Directions for the data below: repeat exactly the lines from the one with "走访宿舍过程中,蒋超副书记与" through the one with "Shaoshi Scenic Courtyard", both included, and omit all pictures.

|---|

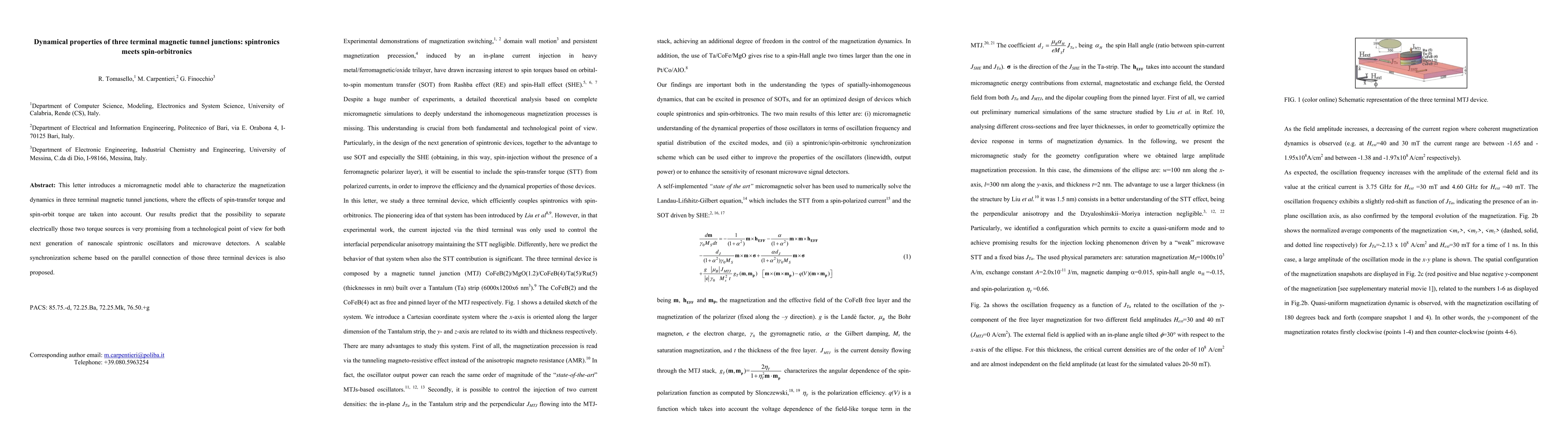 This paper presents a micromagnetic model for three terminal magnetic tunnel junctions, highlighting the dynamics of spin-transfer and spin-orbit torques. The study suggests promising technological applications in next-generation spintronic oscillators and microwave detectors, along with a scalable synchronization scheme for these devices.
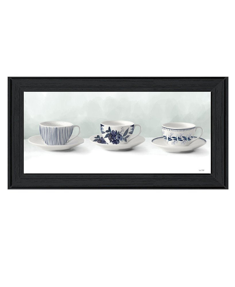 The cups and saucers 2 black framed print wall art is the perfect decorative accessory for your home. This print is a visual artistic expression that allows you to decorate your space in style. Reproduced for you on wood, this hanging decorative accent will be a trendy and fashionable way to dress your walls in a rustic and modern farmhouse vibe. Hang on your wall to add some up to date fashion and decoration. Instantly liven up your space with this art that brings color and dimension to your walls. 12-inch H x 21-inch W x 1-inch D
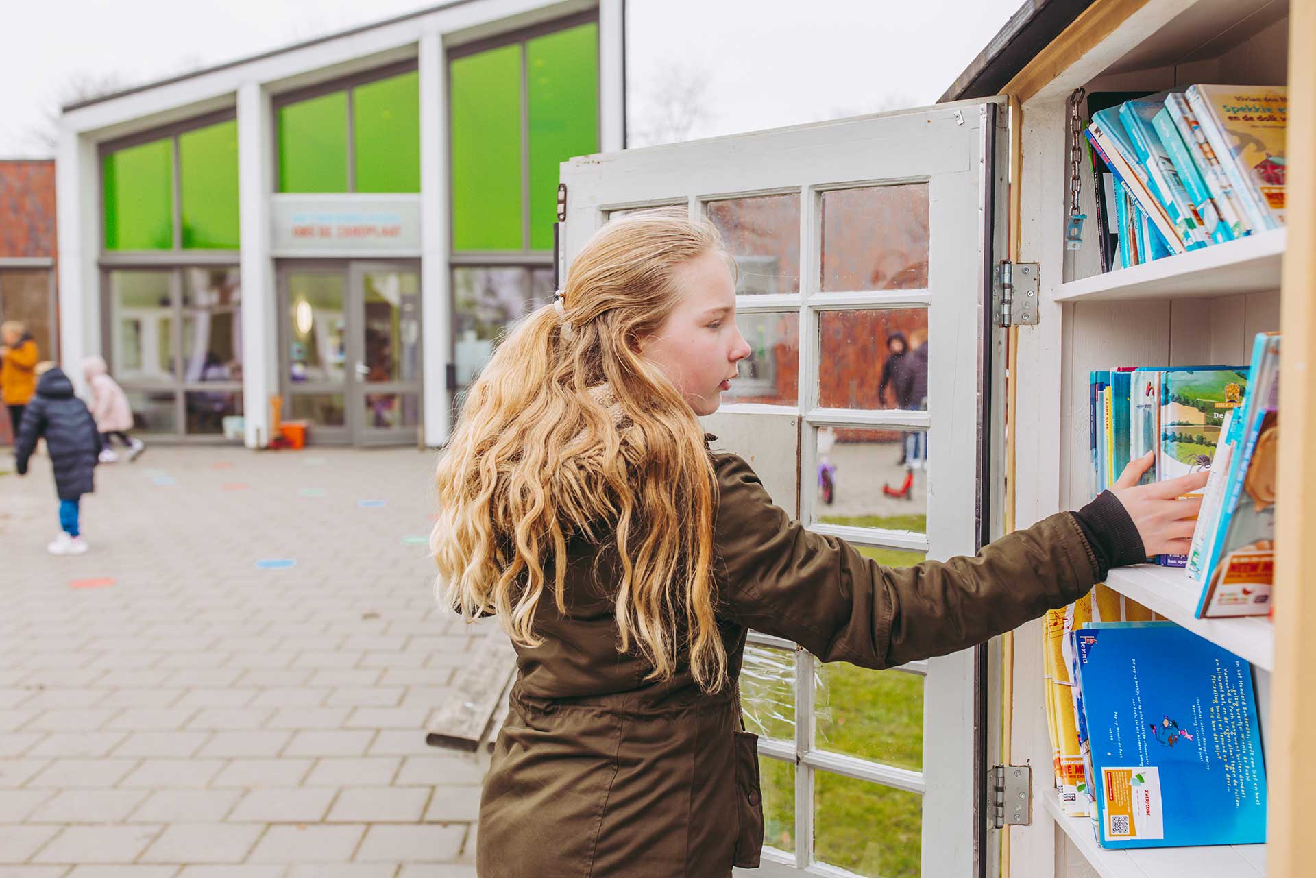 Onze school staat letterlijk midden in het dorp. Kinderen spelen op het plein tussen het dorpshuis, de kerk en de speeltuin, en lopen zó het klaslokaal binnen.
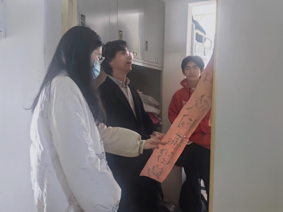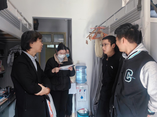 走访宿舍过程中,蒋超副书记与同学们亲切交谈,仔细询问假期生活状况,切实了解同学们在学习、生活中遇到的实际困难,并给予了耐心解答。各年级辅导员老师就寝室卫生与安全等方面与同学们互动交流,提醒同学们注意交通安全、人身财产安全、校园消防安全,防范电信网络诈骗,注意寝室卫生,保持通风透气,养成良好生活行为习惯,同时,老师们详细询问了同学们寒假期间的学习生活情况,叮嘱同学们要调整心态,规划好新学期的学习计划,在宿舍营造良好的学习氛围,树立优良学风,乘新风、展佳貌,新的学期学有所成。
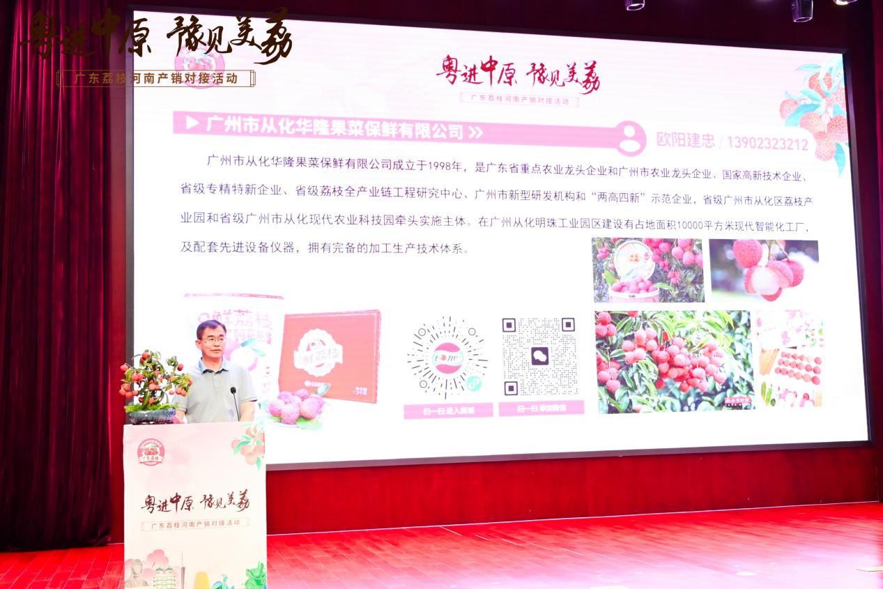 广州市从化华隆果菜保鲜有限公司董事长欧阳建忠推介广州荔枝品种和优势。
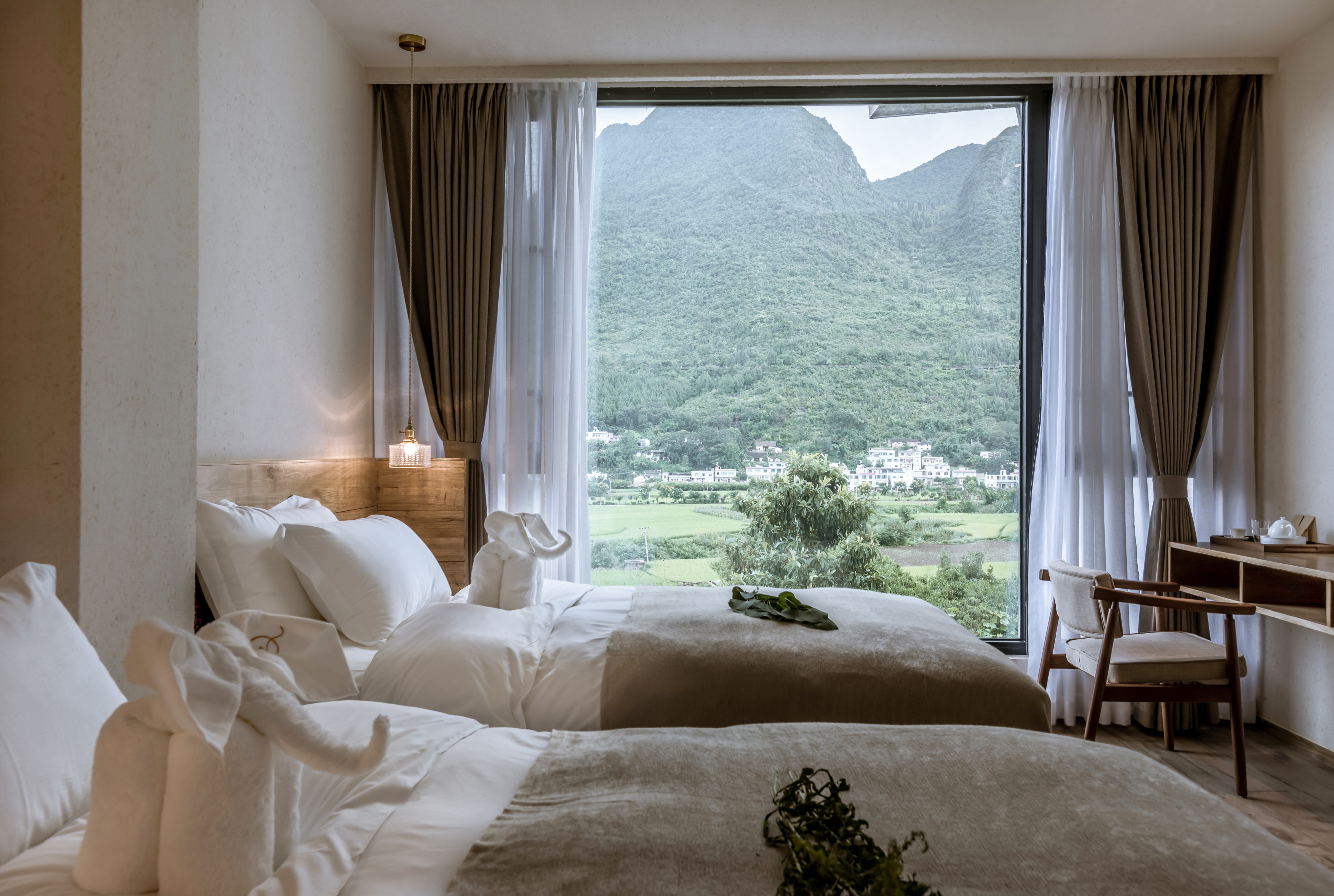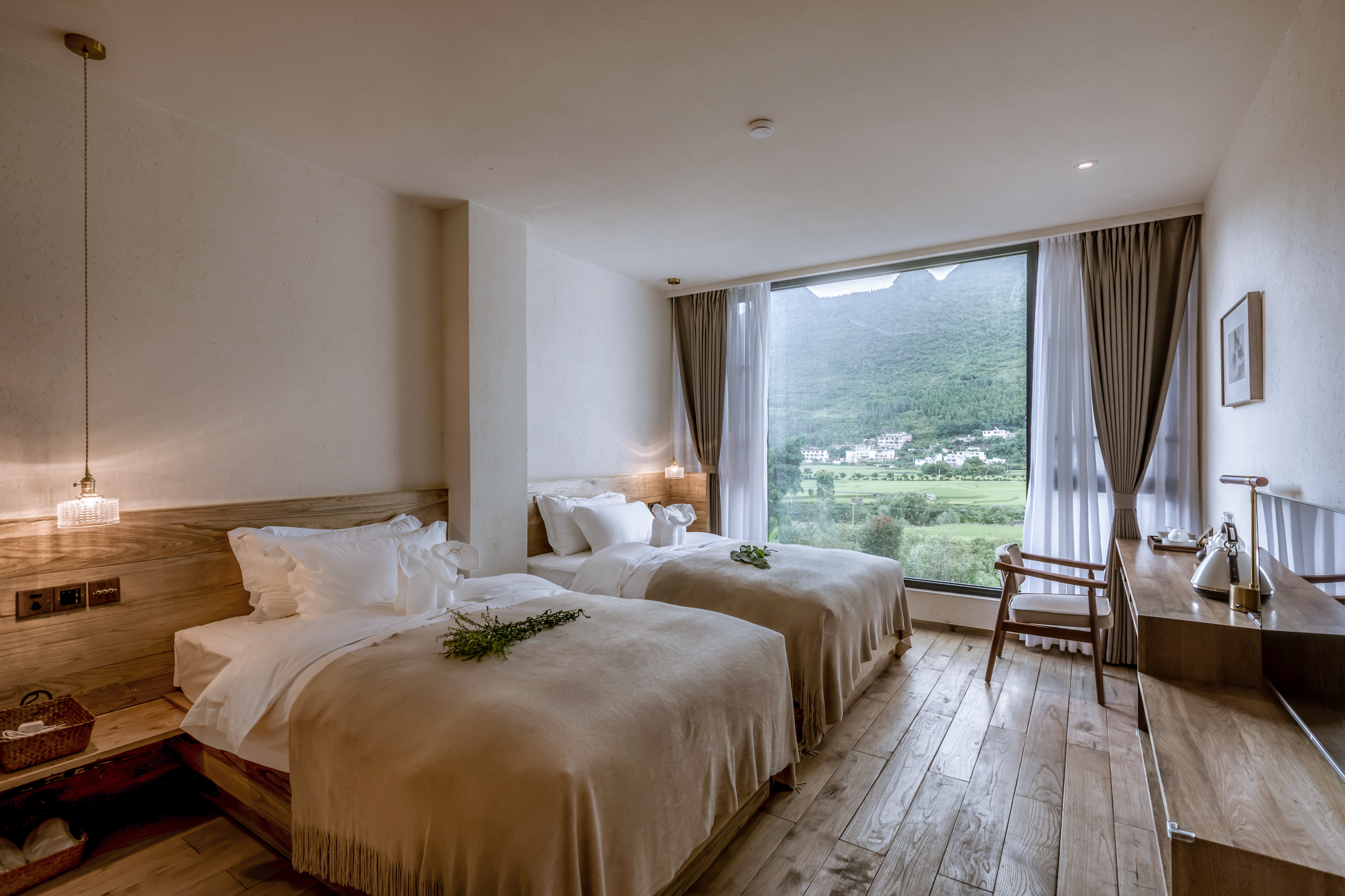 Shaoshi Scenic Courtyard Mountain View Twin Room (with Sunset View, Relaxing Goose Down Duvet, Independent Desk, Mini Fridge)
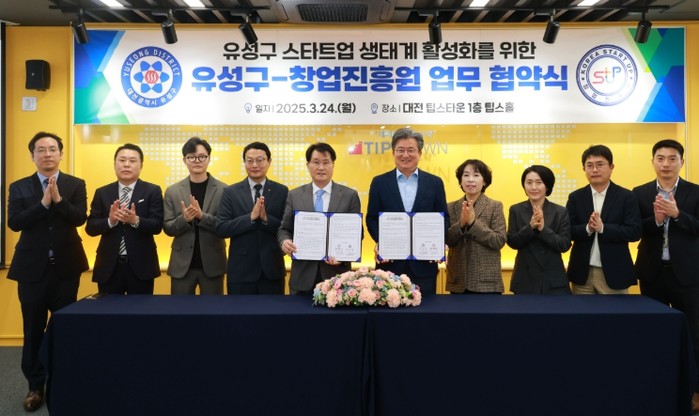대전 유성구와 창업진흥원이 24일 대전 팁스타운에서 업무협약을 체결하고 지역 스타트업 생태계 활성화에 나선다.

|---|

▶ _Expected answer_:
 走访宿舍过程中,蒋超副书记与同学们亲切交谈,仔细询问假期生活状况,切实了解同学们在学习、生活中遇到的实际困难,并给予了耐心解答。各年级辅导员老师就寝室卫生与安全等方面与同学们互动交流,提醒同学们注意交通安全、人身财产安全、校园消防安全,防范电信网络诈骗,注意寝室卫生,保持通风透气,养成良好生活行为习惯,同时,老师们详细询问了同学们寒假期间的学习生活情况,叮嘱同学们要调整心态,规划好新学期的学习计划,在宿舍营造良好的学习氛围,树立优良学风,乘新风、展佳貌,新的学期学有所成。
 广州市从化华隆果菜保鲜有限公司董事长欧阳建忠推介广州荔枝品种和优势。
 Shaoshi Scenic Courtyard Mountain View Twin Room (with Sunset View, Relaxing Goose Down Duvet, Independent Desk, Mini Fridge)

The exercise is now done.